# Klein Gordon inner product

Define the Klein Gordon inner product as

$$(\psi_1,\psi_2)_{KG} = i\int d^3x \, \psi_1^*\,\partial{t}\,(\psi_2) - \partial{t}\,(\psi_1^*)\,\psi_2 \, .$$

It can be shown that for the one particle wavefunctions \begin{align} \psi_1(t,\vec{x}) &= \exp(-iE_{p_1}t + i\vec{p_1}\cdot\vec{x}) \\ \text{and} \quad \psi_2(t,\vec{x})&=\exp(-iE_{p_2}t + i\vec{p_2}\cdot\vec{x}) \end{align} that $$(\psi_1^*,\psi_2)_{KG} = 0 \, .$$

By superposition, I would expect this to imply that for any $\psi_1$ and $\psi_2$,

$(\psi_1^*,\psi_2)_{KG} = 0$.

However, I am sure that this cannot be the case, since with this you could show that the Klein-Gordon inner product for any two functions would be zero, i.e.

$$(\psi_1,\psi_2)_{KG} = 0$$

for all $\psi_1$ and $\psi_2$, since I could just pick $\psi_1$ to be the complex conjugate of some other function.
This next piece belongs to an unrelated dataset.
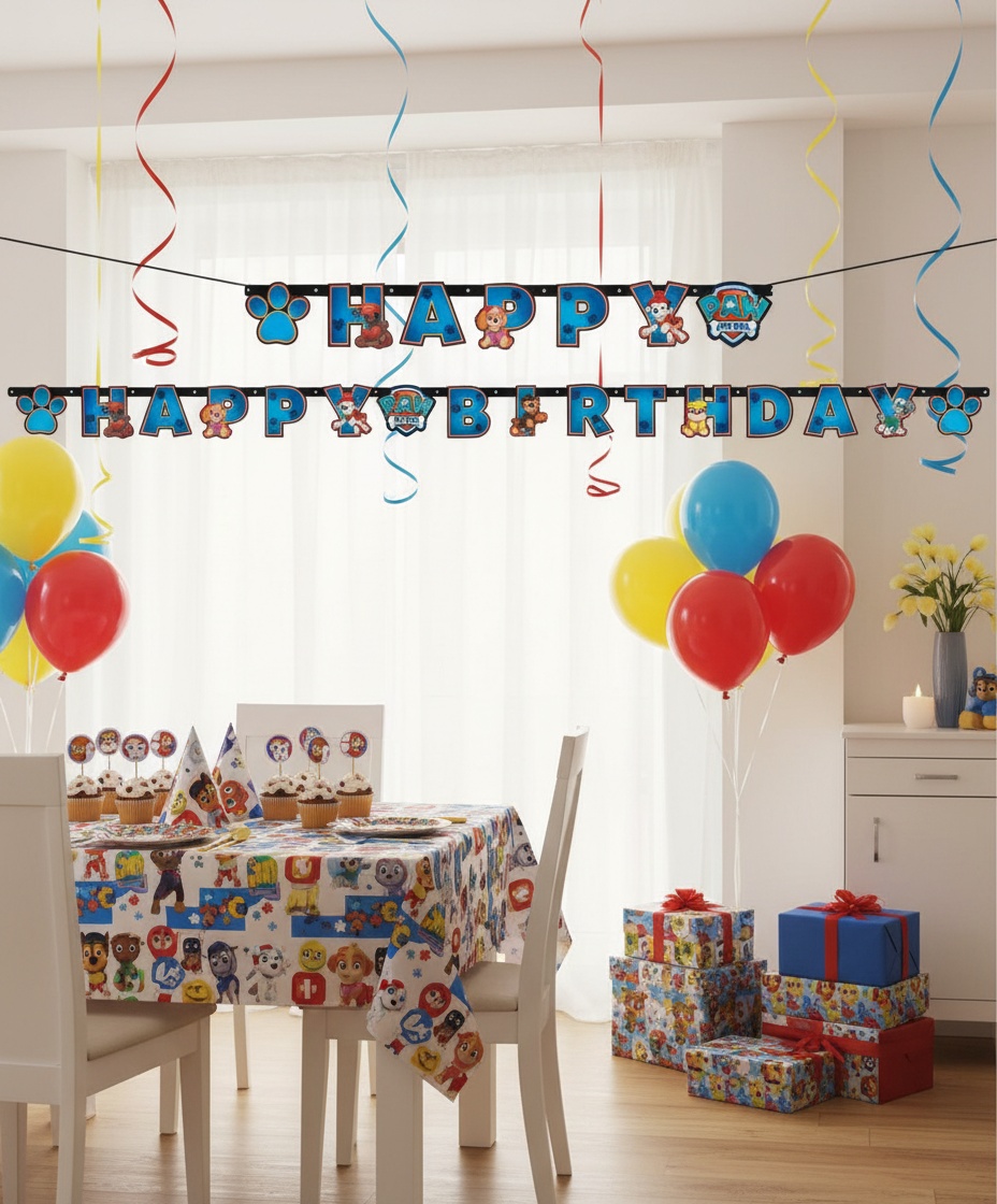 Ingen fødselsdag er komplet uden den rigtige pynt. Vores Paw Patrol fødselsdagsbanner hjælper med at sætte scenen for en dag fyldt med leg og latter. De farverige og livlige design vil få børnene til at føle sig som en del af Paw Patrol-holdet, hvilket gør festen endnu mere speciel. Når gæsterne ankommer og ser banneret, vil de straks blive fanget af den festlige stemning.

Does anyone see a quick resolution to this?

• Your product is missing a factor of $i$ that ensures sesquilinearity. – J.G. Mar 27 '17 at 11:37

The correct inner product is proportional to a Dirac delta, viz. $\left( \psi_1,\,\psi_2 \right)_{KG}=\left( 2\pi\right)^3 2E_{p_1}\delta^3\left( \mathbf{p}_1 - \mathbf{p}_2\right)$.
You have only considered positive-energy wavefunctions; you may wish to look at what happens when one or both are negative-energy instead, since the most general solution of the KG equation superposes both energy sectors. You should find for example that $\left( \psi^\ast,\,\psi^\ast \right)_{KG}=-\left( \psi,\,\psi \right)_{KG}$ for any solution $\psi$.